The rise in consumer prices is making it harder for the Bank of Japan (BOJ) to convince markets it will keep monetary policy ultra-loose and as the gains fuel public concerns about pushing up living costs.
The nationwide core consumer price index (CPI), which excludes volatile fresh food costs but includes those of energy, surged 2.1% in April from a year earlier, government data showed on Friday.
That marked the fastest rise in a single month since March 2015 and matched the median forecast in a Reuters poll.
The gain was much stronger than a 0.8% year-on-year rise in March, as the impact of mobile phone fee cuts from April last year that have pulled down overall CPI since then starts to fade from yearly comparisons.

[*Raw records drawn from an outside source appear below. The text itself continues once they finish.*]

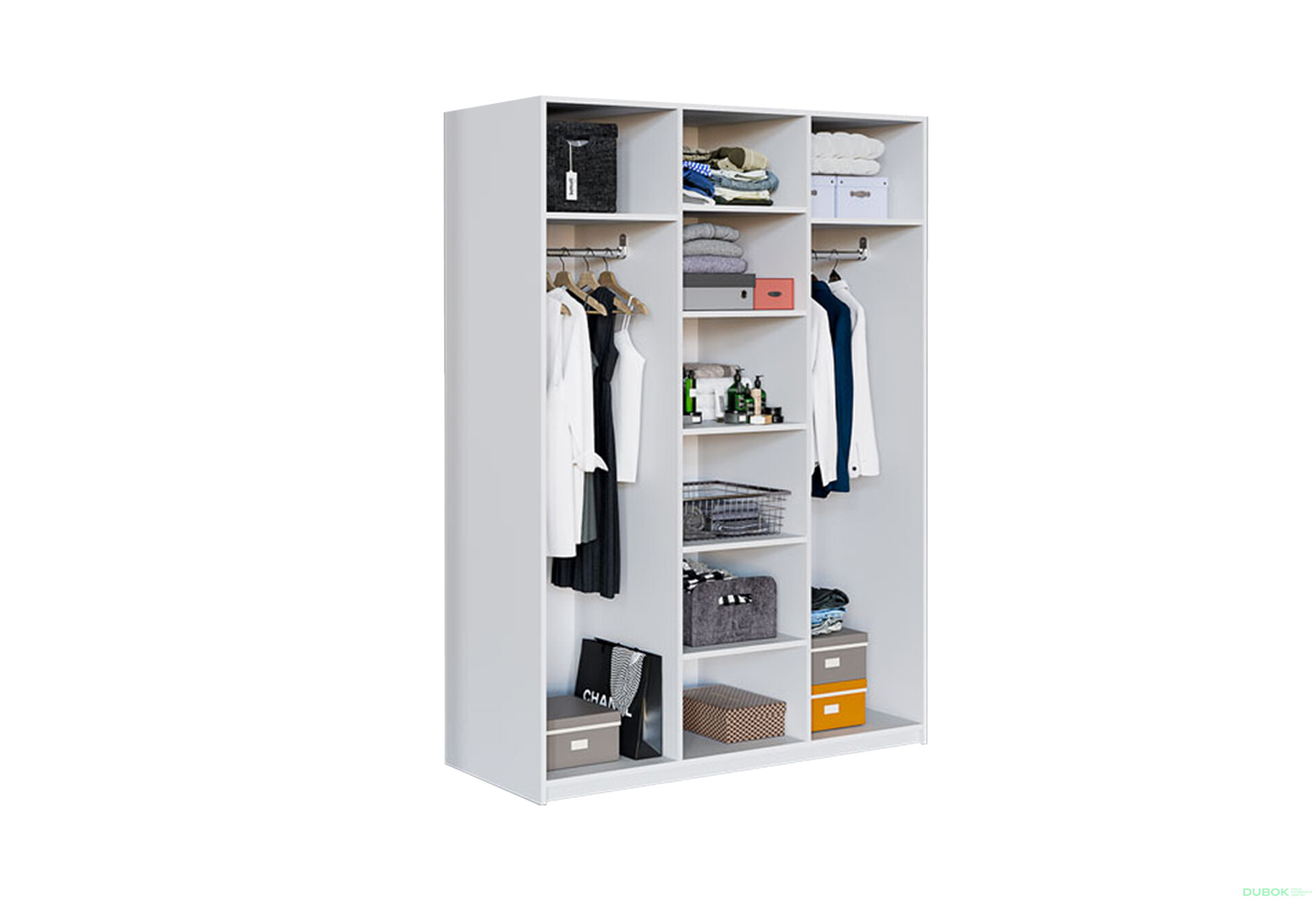 - Vnútorné usporiadanie. Obsahuje police a tyč na oblečenie, čo umožňuje efektívne usporiadanie vecí.
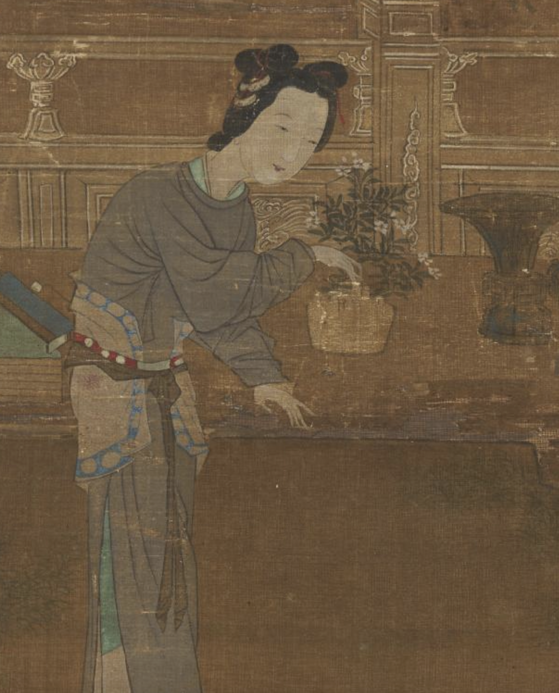 (传)五代南唐周文矩《仕女图》轴(局部)台北故宫博物院藏
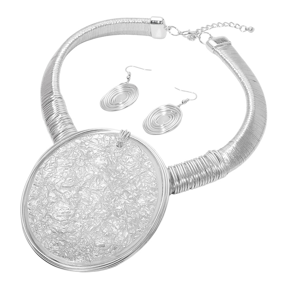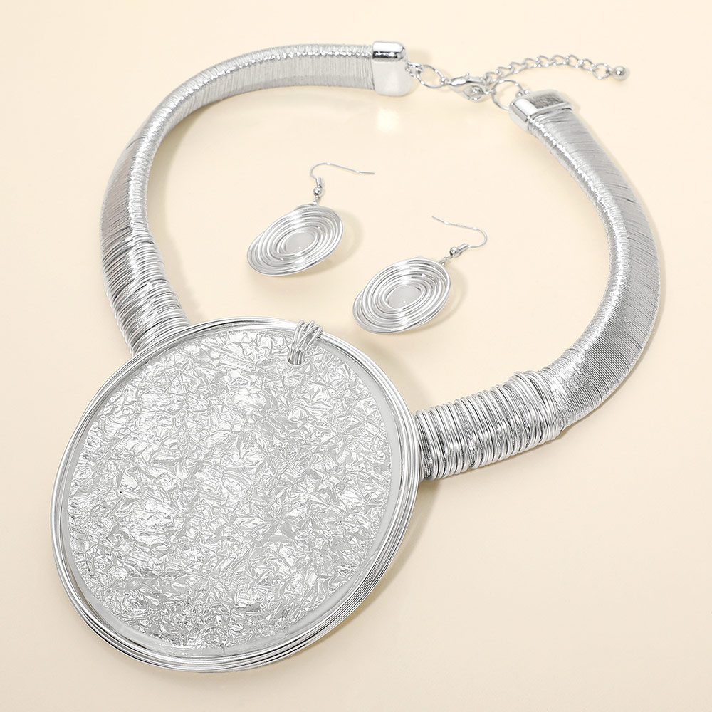 • This bold jewelry set features an oversized textured pendant paired with matching spiral earrings for a coordinated, artful look. Designed to stand out, it adds expressive style and sculptural detail to any outfit, making it ideal for special occasions or dramatic everyday wear.
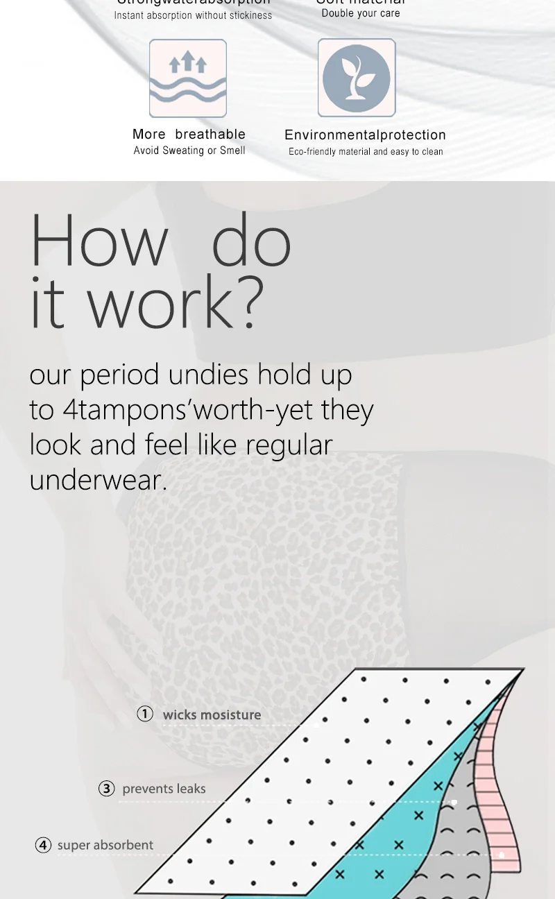 Леопардовое асорбентовое нижнее белье для женщин, трусы для менстру...
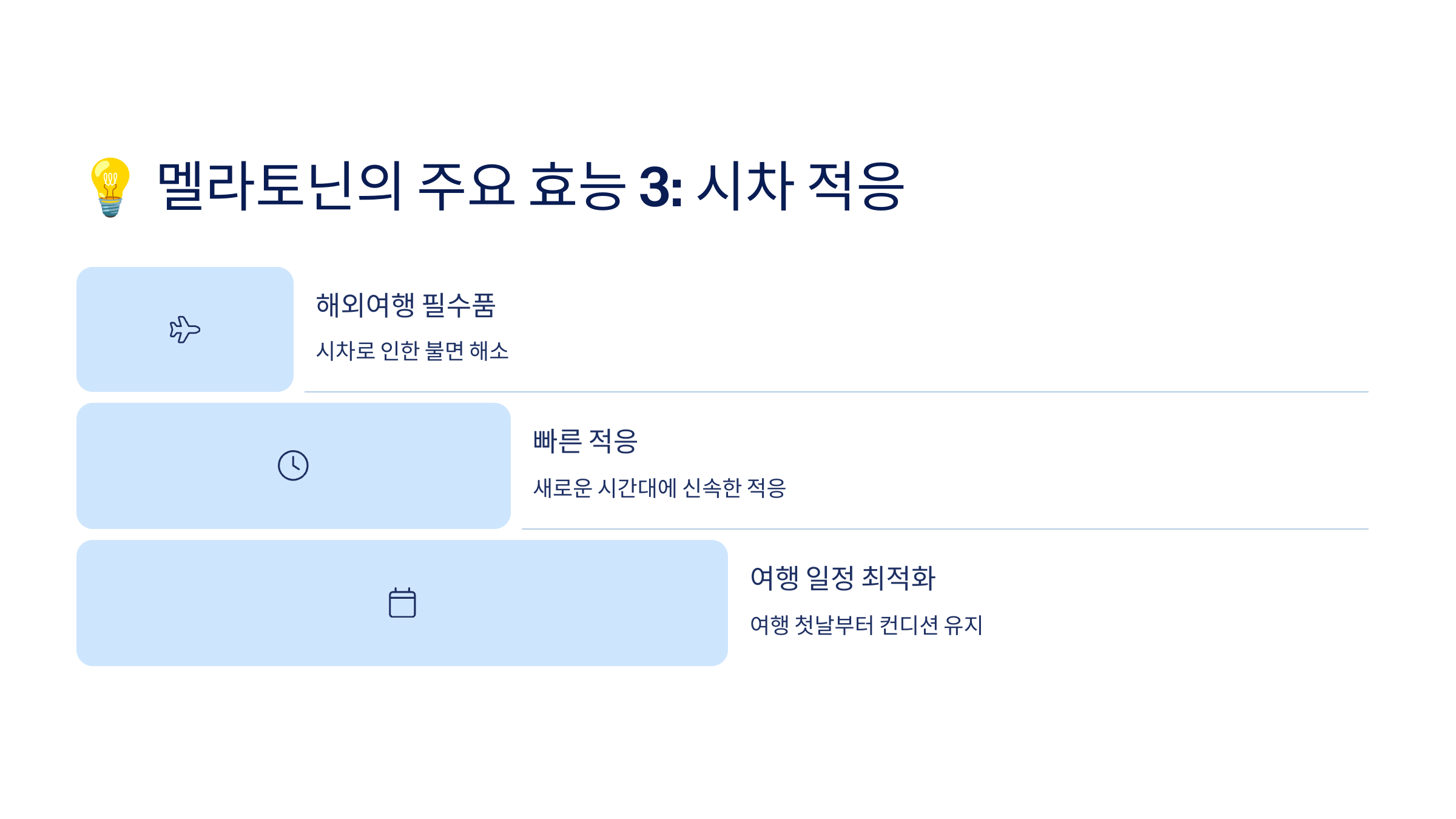 👉 시차 적응용으로 매우 유용해요! 목적지 시간에 맞춰 섭취하면 효과적이에요.
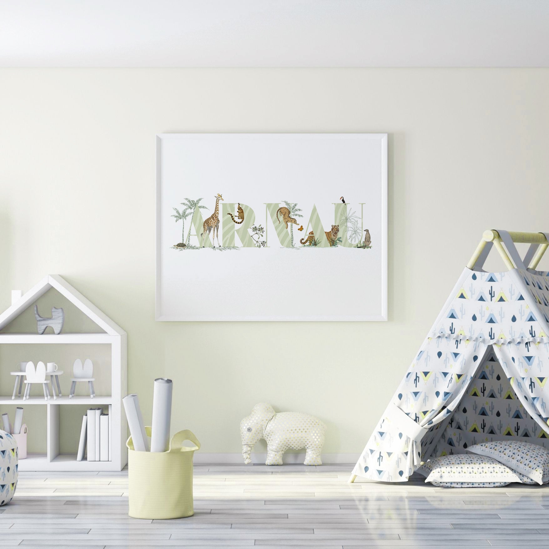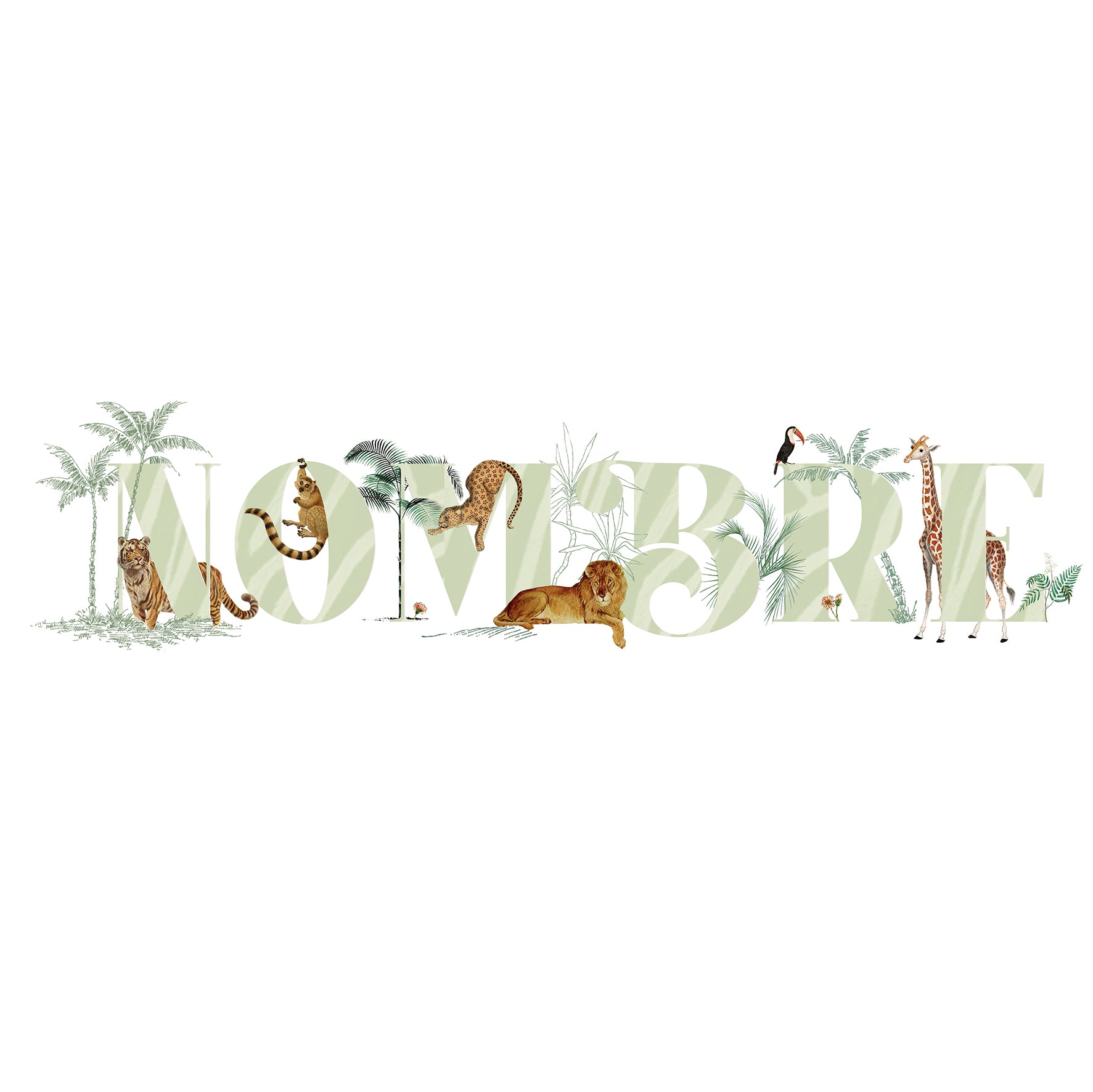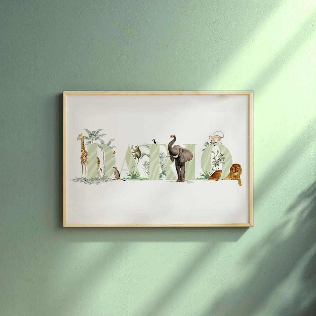 Láminas de diseño exclusivo que combinan collages de ilustraciones vintage y el nombre que escojas personalizado en temática de animales de la selva.

The overall rate of price increases in Japan has remained modest compared with much sharper rises in the United States and other advanced economies, as sluggish wage growth in the world’s third-largest economy makes it harder for firms to raise prices.
The BOJ has retained its massive monetary stimulus as it seeks to have inflation stably reach 2% on the back of strong wage growth, even as a weaker yen pushes up food and energy prices and other major central banks are tightening policy.